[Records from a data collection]
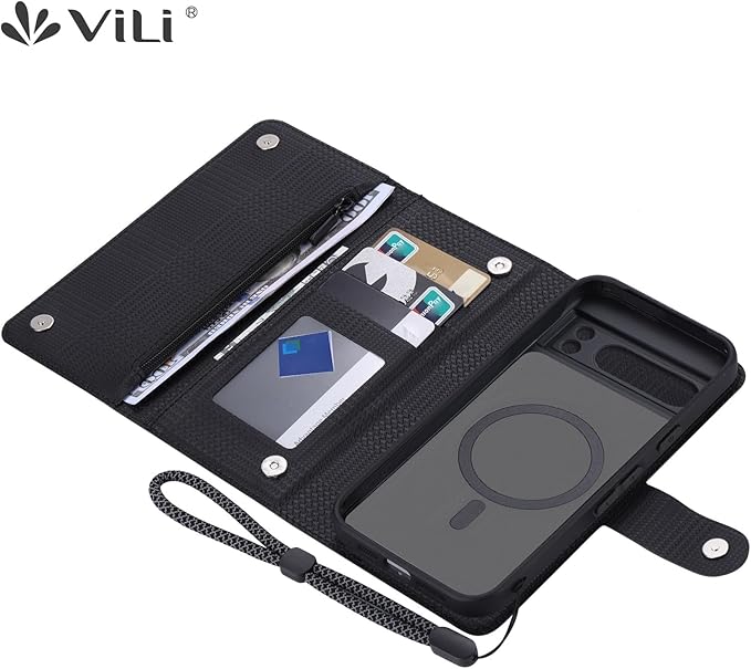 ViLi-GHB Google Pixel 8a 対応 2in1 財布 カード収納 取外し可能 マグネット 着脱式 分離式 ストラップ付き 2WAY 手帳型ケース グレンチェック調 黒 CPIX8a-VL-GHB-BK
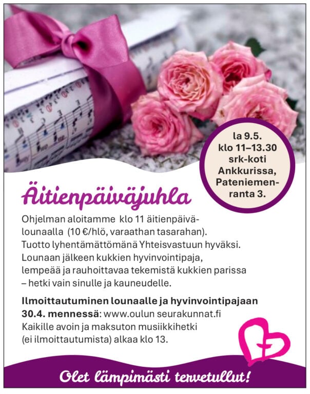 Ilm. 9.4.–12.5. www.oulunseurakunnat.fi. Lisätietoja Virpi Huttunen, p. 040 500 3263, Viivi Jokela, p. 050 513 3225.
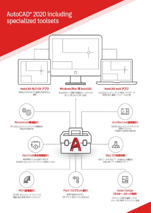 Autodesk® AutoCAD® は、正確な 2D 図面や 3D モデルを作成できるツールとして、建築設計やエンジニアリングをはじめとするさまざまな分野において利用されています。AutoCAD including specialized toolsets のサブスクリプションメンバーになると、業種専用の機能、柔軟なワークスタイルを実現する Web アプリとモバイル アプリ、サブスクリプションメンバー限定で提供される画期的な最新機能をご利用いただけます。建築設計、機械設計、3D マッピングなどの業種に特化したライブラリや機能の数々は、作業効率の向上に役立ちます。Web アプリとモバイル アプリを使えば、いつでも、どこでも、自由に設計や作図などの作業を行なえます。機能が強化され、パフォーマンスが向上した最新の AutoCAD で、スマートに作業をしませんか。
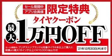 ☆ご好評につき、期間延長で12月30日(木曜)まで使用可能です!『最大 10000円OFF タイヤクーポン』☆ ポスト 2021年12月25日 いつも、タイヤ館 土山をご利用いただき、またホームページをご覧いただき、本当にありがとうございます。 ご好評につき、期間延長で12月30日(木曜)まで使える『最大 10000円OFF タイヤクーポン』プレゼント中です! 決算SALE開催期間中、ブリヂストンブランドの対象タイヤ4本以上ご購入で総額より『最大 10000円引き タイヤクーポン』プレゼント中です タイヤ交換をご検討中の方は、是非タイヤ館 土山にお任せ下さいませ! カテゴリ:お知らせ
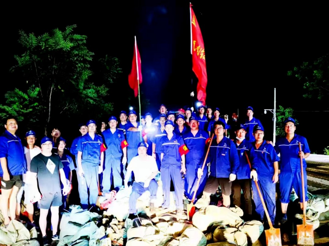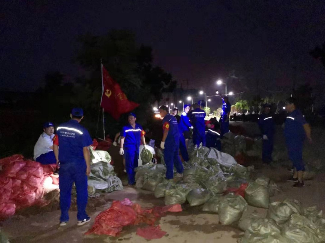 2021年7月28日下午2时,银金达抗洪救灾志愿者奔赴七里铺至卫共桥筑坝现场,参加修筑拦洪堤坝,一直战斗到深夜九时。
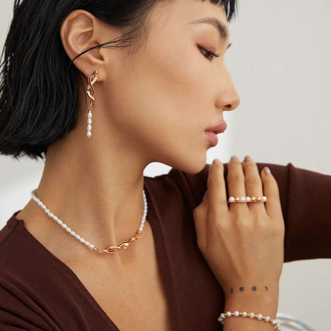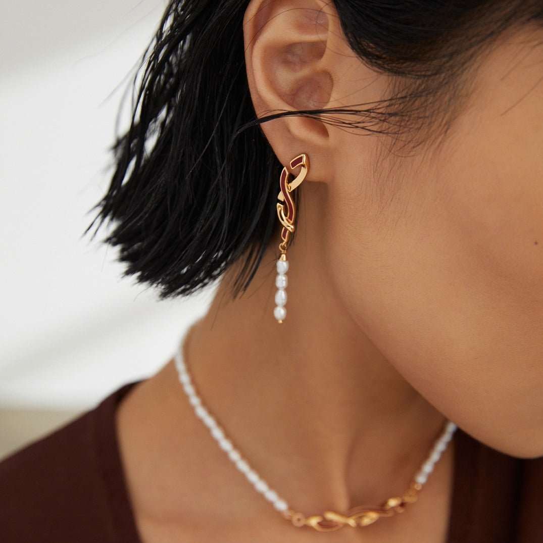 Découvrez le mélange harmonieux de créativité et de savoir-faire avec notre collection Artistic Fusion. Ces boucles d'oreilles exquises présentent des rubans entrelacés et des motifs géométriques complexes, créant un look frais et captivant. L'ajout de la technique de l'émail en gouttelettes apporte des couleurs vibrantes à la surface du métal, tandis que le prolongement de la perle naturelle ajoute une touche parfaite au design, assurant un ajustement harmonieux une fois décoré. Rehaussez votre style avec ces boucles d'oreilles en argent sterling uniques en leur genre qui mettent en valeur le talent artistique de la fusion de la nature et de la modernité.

## TASK PROMPT:
The entries above are to be retyped exactly, with each picture left out.

## RESULT OF THE EXERCISE:
 ViLi-GHB Google Pixel 8a 対応 2in1 財布 カード収納 取外し可能 マグネット 着脱式 分離式 ストラップ付き 2WAY 手帳型ケース グレンチェック調 黒 CPIX8a-VL-GHB-BK
 Ilm. 9.4.–12.5. www.oulunseurakunnat.fi. Lisätietoja Virpi Huttunen, p. 040 500 3263, Viivi Jokela, p. 050 513 3225.
 Autodesk® AutoCAD® は、正確な 2D 図面や 3D モデルを作成できるツールとして、建築設計やエンジニアリングをはじめとするさまざまな分野において利用されています。AutoCAD including specialized toolsets のサブスクリプションメンバーになると、業種専用の機能、柔軟なワークスタイルを実現する Web アプリとモバイル アプリ、サブスクリプションメンバー限定で提供される画期的な最新機能をご利用いただけます。建築設計、機械設計、3D マッピングなどの業種に特化したライブラリや機能の数々は、作業効率の向上に役立ちます。Web アプリとモバイル アプリを使えば、いつでも、どこでも、自由に設計や作図などの作業を行なえます。機能が強化され、パフォーマンスが向上した最新の AutoCAD で、スマートに作業をしませんか。
 ☆ご好評につき、期間延長で12月30日(木曜)まで使用可能です!『最大 10000円OFF タイヤクーポン』☆ ポスト 2021年12月25日 いつも、タイヤ館 土山をご利用いただき、またホームページをご覧いただき、本当にありがとうございます。 ご好評につき、期間延長で12月30日(木曜)まで使える『最大 10000円OFF タイヤクーポン』プレゼント中です! 決算SALE開催期間中、ブリヂストンブランドの対象タイヤ4本以上ご購入で総額より『最大 10000円引き タイヤクーポン』プレゼント中です タイヤ交換をご検討中の方は、是非タイヤ館 土山にお任せ下さいませ! カテゴリ:お知らせ
 2021年7月28日下午2时,银金达抗洪救灾志愿者奔赴七里铺至卫共桥筑坝现场,参加修筑拦洪堤坝,一直战斗到深夜九时。
 Découvrez le mélange harmonieux de créativité et de savoir-faire avec notre collection Artistic Fusion. Ces boucles d'oreilles exquises présentent des rubans entrelacés et des motifs géométriques complexes, créant un look frais et captivant. L'ajout de la technique de l'émail en gouttelettes apporte des couleurs vibrantes à la surface du métal, tandis que le prolongement de la perle naturelle ajoute une touche parfaite au design, assurant un ajustement harmonieux une fois décoré. Rehaussez votre style avec ces boucles d'oreilles en argent sterling uniques en leur genre qui mettent en valeur le talent artistique de la fusion de la nature et de la modernité.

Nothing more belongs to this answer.